Recentemente, um ganhador do Big Brother Brasil ao sair do confinamento foi entrevistado pelo apresentador Pedro Bial, como de costume, e, no momento da explosão, suas primeiras palavras foram: “Amo muito tudo isso”. Pode ter passado batido para milhões de telespectadores, não para o McDonald’s, que teve seu slogan gratuitamente veiculado em horário nobre graças a uma estratégia eficiente de comunicação. Por que isso aconteceu? “O segredo é não ser invasivo e conduzir uma conversa com o consumidor de forma que ele sinta-se parte da marca”, explica EDUARDO SIMON, CEO da DPZ&T, uma das mais prestigiadas e modernas agências de propaganda do país e, no caso, responsável pela conta da rede de fast-food.

“As pessoas estão o tempo todo on-line, mesmo quando não imaginam. Pelo uso do celular a tecnologia diz por onde você andou, o que consumiu, quanto gastou. Ela entrega uma série de dados que estão transformando a relação entre marcas e consumidores. E isso é bom e positivo”, diz Simon. “Brincamos dizendo que os dados são o novo bacon, porque usamos eles em tudo.”

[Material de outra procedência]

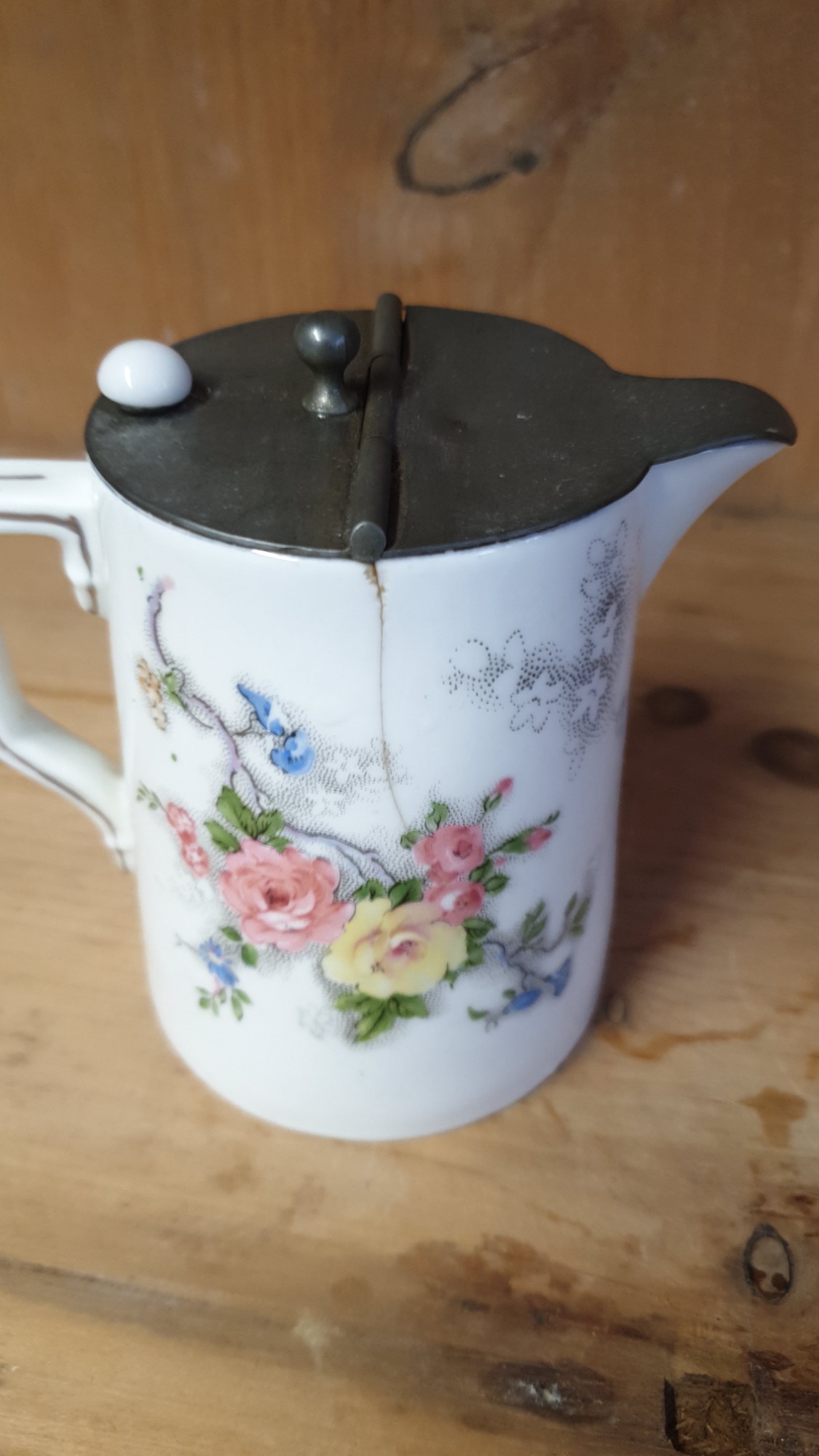 A vintage lidded jug or creamer, possibly in the early "Laburnum" pattern.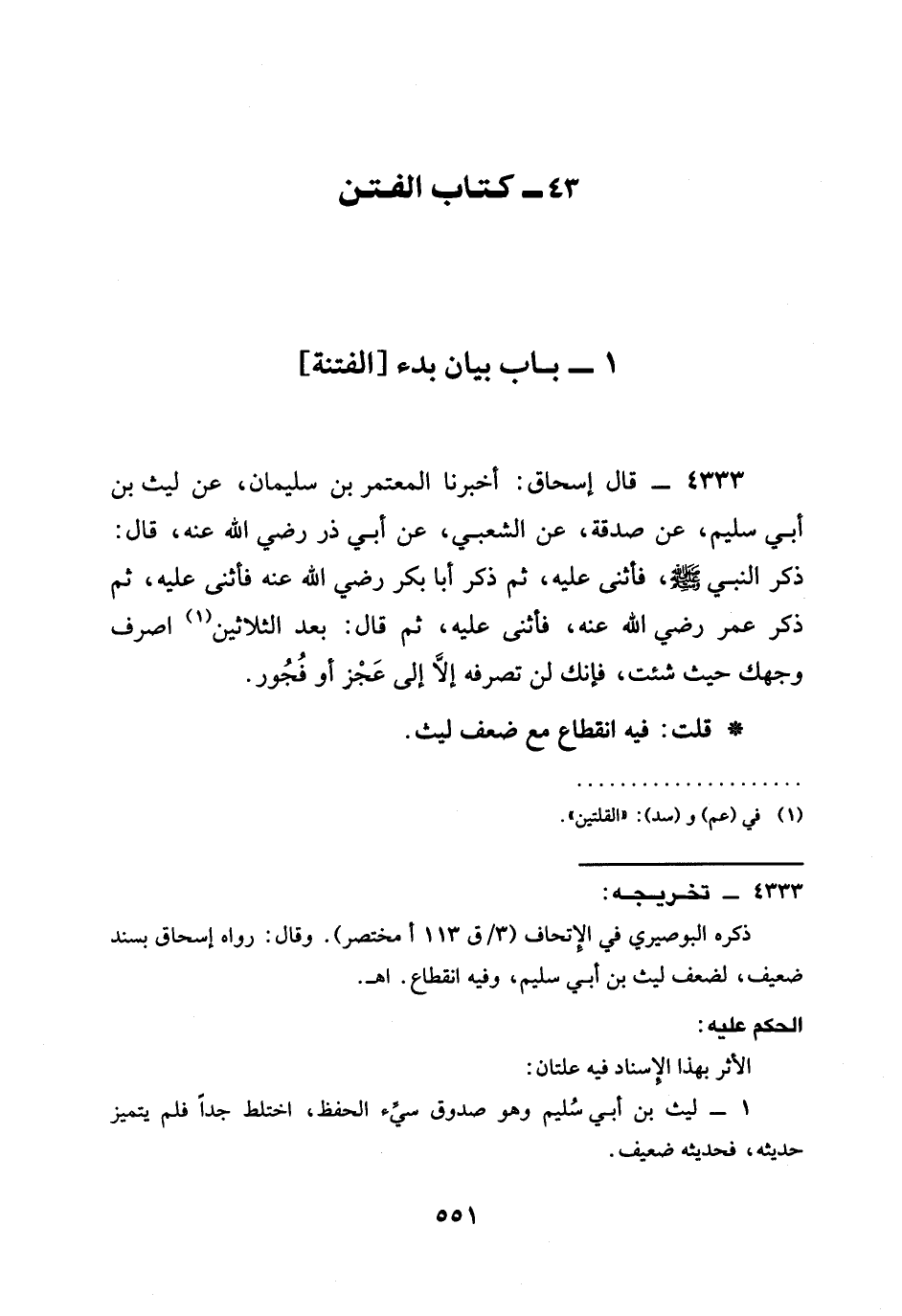 4333 - قَالَ إِسْحَاقُ: أخبرنا الْمُعْتَمِرُ بْنُ سُلَيْمَانَ، عَنْ لَيْثِ بْنِ أَبِي سُلَيْمٍ، عَنْ صَدَقَةَ، عَنِ الشَّعْبِيِّ، عَنْ أَبِي ذَرٍّ رَضِيَ الله عَنْه، قَالَ: §ذَكَرَ النَّبِيَّ صَلَّى اللَّهُ عَلَيْهِ وَسَلَّمَ، فَأَثْنَى عَلَيْهِ، ثُمَّ ذَكَرَ أَبَا بَكْرٍ رَضِيَ الله عَنْه فَأَثْنَى عَلَيْهِ، ثَمُّ ذَكَرَ عُمَرَ رَضِيَ الله عَنْه، فَأَثْنَى عَلَيْهِ، ثُمَّ قَالَ: بَعْدَ الثَّلَاثِينَ اصْرِفْ وَجْهَكَ حَيْثُ شِئْتَ، فَإِنَّكَ لَنْ تَصْرِفَهُ إِلَّا إِلَى عَجْزٍ أَوْ فُجُورٍ.

De fato os dados estão revolucionando quase todos os segmentos de negócio do planeta. Entretanto, o posicionamento das marcas diante de questões sociais relevantes é outra chave para entender a propaganda atual. De acordo com o CEO da DPZ&T, o momento de mudança de pêndulo pelo qual passa o Brasil é uma excelente oportunidade para as marcas se colocarem e serem mais ousadas.

“Elas podem assumir uma posição importante de levar adiante pautas progressistas, como discutir o papel das mulheres na sociedade, os direitos das minorias. É o que a gente chama de ‘espírito do momento’, sabendo usar a tecnologia e os dados para entender o que as pessoas estão pensando”, revela Eduardo Simon. “As marcas que não fizerem isso ficarão para trás.”

Se você acha que a sua forma de se relacionar com o consumo era bastante moderna, prepare-se para uma transformação ainda mais profunda.